Tax records, maps, newspaper ads, family papers, and receipts, all help document chronology of the house and the lives of its residents.

Passing by 517 Prince Street, at the intersection of Prince and S. Saint Asaph streets, you may have noticed the scaffolding, archaeology, and restoration in progress. The Murray-Dick-Fawcett House as it stands today was constructed in several building phases, beginning in 1772. The house and garden were acquired by the City of Alexandria in 2017 with the support of the Virginia Outdoors Foundation, the Northern Virginia Conservation Trust, the Virginia Department of Historic Resources, and then owner Joe Reeder. Administered by the Office of Historic Alexandria and opened for special programs and Preservation Month tours, plans are in progress for it to open as a museum in the future. Joe Reeder, who purchased the property in 2000, continues to live in the home as a life tenant.

“The Murray-Dick-Fawcett house is perhaps the most significant 18th-century domestic structure in Alexandria.” 

— Dr. Morgan D. Delaney, Historic Alexandria Foundation

Since the acquisition of the property, Office of Historic Alexandria historians have been researching the history of the house. Through archival sources including tax records, maps, newspaper ads, family papers, and receipts, the building chronology of the house and the lives of its residents are being documented.
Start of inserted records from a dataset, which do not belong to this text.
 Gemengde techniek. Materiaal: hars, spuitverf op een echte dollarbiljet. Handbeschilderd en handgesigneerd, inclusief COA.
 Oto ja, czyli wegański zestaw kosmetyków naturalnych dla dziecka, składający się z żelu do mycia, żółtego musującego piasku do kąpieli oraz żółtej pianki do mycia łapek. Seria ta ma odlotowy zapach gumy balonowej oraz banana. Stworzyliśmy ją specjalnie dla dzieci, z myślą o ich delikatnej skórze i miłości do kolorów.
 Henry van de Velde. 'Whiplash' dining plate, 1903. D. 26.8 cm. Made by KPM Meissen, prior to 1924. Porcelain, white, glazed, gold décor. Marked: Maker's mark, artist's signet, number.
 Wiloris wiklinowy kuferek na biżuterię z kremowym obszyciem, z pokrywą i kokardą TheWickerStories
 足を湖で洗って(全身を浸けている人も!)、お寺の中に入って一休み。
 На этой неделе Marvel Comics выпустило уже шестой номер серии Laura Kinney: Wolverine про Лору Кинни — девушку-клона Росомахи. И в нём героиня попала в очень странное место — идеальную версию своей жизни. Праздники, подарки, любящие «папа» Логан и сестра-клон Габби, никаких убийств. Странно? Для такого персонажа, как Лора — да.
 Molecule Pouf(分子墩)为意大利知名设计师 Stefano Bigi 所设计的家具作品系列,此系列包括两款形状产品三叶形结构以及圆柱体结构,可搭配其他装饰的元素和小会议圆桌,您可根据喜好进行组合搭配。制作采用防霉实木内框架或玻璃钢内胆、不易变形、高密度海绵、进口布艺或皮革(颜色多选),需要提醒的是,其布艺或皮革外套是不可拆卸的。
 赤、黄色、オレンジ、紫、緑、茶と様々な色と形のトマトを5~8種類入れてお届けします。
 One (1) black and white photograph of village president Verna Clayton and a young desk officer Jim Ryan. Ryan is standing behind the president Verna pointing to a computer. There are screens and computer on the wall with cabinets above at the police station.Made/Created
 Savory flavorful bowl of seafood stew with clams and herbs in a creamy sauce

For example, Mary G. Brown’s daily journal dated 1821 provides information on the household accounts, diet, and health of the John Douglass Brown family – including information on their enslaved labor.

The next step in the research process, according to Gretchen Bulova, Director of the Office of Historic Alexandria, is the physical examination of the house itself through a Historic Structures Report (commonly referred to as an HSR). “As the primary artifact, a building’s materials, construction techniques, and chronology, and historic finishes help identify its construction history, room uses, and alterations over time.” The Murray-Dick-Fawcett house, while having many residents, stayed in the same family from the time of merchant John Douglass Brown’s acquisition of the property in 1816 to the house’s sale to Joe Reeder in 2000. Many of the home’s furnishings and rooms were not altered for close to 200 years!

The detailed documentation and analysis of the site’s historic fabric are funded thanks to the generosity of the Historic Alexandria Foundation. The Foundation, which provides more than $25,000 annually to local museums and research efforts, has made its largest donation to an Alexandria preservation effort — $100,000.00 — to fund a historic structures report for the Murray-Dick-Fawcett House.

“The Murray-Dick-Fawcett house is perhaps the most significant 18th-century domestic structure in Alexandria,” notes Dr. Morgan D. Delaney, President of the Historic Alexandria Foundation.

“It is remarkably unchanged over 250 years because of its long occupancy by one family. Historic Alexandria Foundation is very excited about contributing to the preservation of this building through its funding of a detailed Historic Structures Report, which will help guide its conservation.”

The firm of Glave and Holmes Architecture, which specializes in historic preservation and restoration, has been awarded the project. Historic Preservation Architect Steven Blashfield, Principal and Cultural Studios Director, will lead the project. “As we unearth the history of our communities through the lens of our historic properties, we have an exciting opportunity to learn about the places we live and work,” says Blashfield. “It will be an honor for us at Glave & Holmes to have this opportunity to work at the Murray- Dick-Fawcett House and we look forward to what it reveals.”